▶ What this task involves
Reproduce all the lines below exactly and omit the images.

▶ Data
+ + +
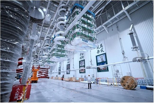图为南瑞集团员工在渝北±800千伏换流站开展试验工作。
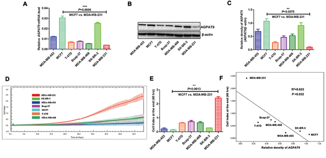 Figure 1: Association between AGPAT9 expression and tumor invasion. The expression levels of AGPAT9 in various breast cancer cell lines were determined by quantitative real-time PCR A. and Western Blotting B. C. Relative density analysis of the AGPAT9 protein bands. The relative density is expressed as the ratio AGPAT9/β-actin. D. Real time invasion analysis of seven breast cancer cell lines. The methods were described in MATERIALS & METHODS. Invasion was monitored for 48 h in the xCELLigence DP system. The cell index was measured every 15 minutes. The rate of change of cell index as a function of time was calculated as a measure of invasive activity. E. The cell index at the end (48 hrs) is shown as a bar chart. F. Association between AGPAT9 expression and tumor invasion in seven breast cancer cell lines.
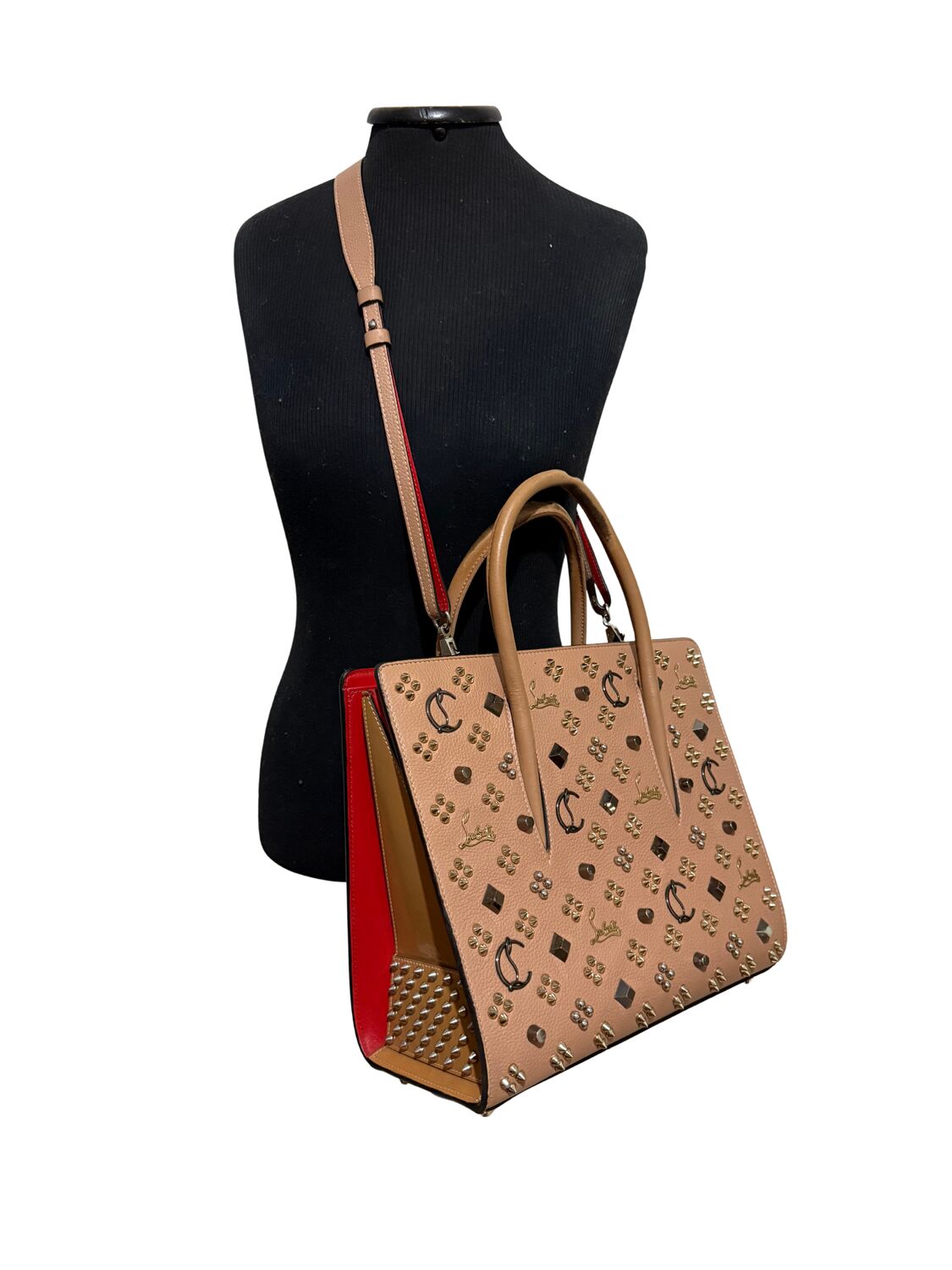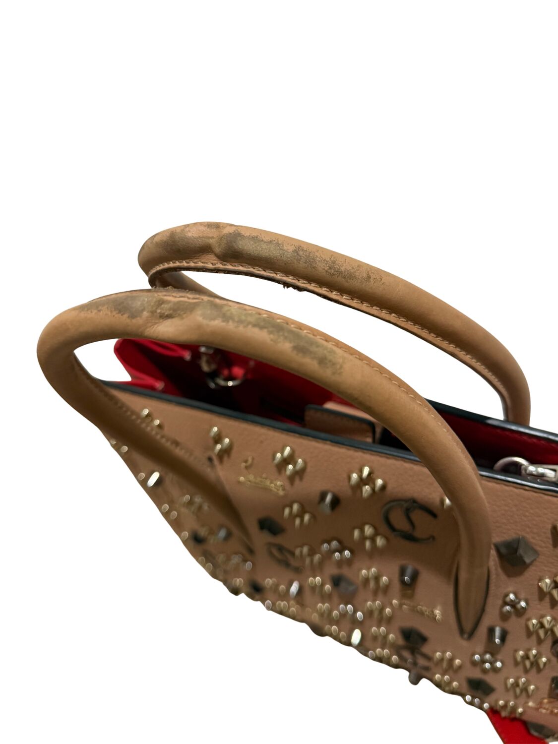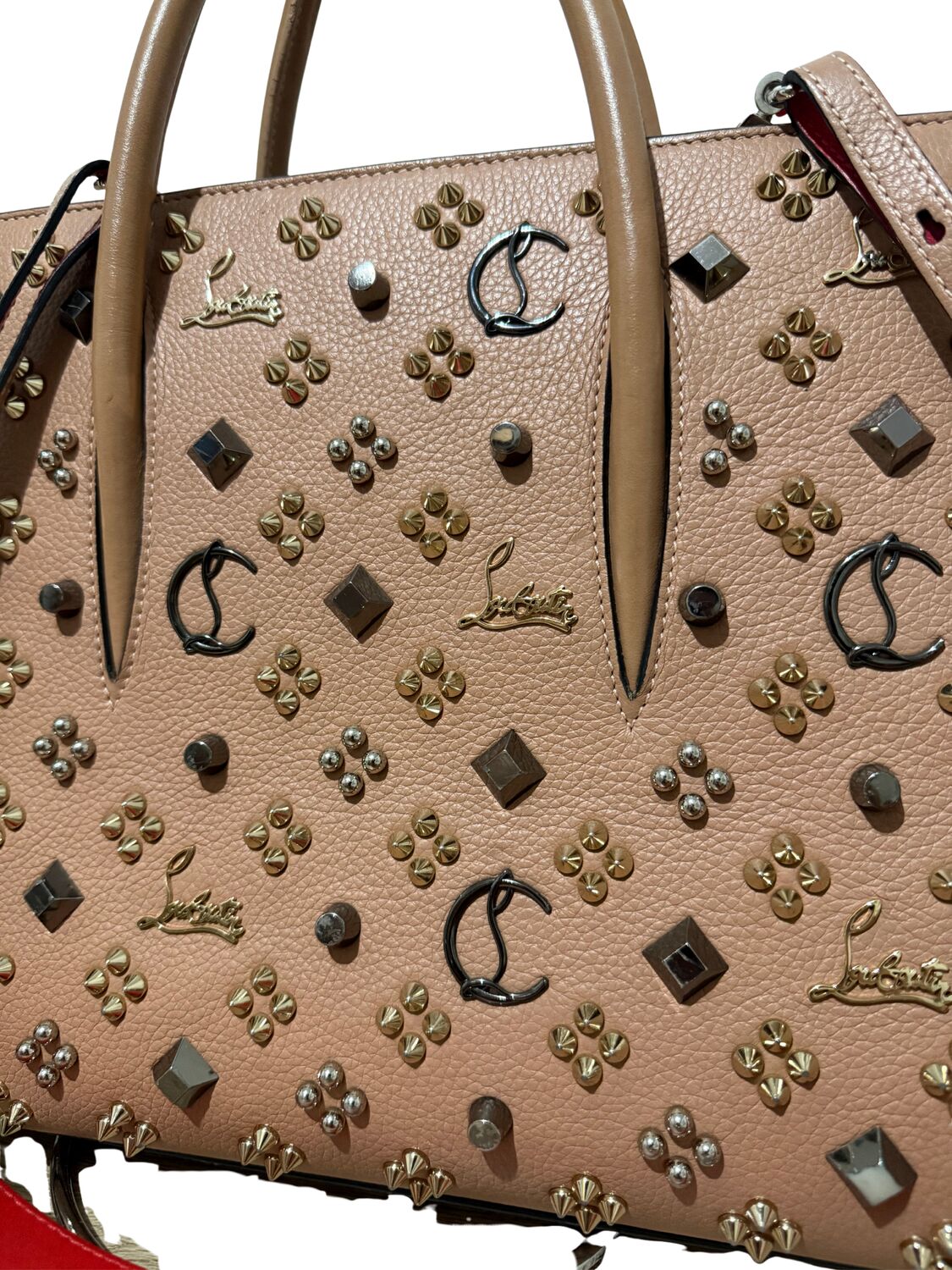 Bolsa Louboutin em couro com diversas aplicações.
+ + +
▶ Response box
图为南瑞集团员工在渝北±800千伏换流站开展试验工作。
 Figure 1: Association between AGPAT9 expression and tumor invasion. The expression levels of AGPAT9 in various breast cancer cell lines were determined by quantitative real-time PCR A. and Western Blotting B. C. Relative density analysis of the AGPAT9 protein bands. The relative density is expressed as the ratio AGPAT9/β-actin. D. Real time invasion analysis of seven breast cancer cell lines. The methods were described in MATERIALS & METHODS. Invasion was monitored for 48 h in the xCELLigence DP system. The cell index was measured every 15 minutes. The rate of change of cell index as a function of time was calculated as a measure of invasive activity. E. The cell index at the end (48 hrs) is shown as a bar chart. F. Association between AGPAT9 expression and tumor invasion in seven breast cancer cell lines.
 Bolsa Louboutin em couro com diversas aplicações.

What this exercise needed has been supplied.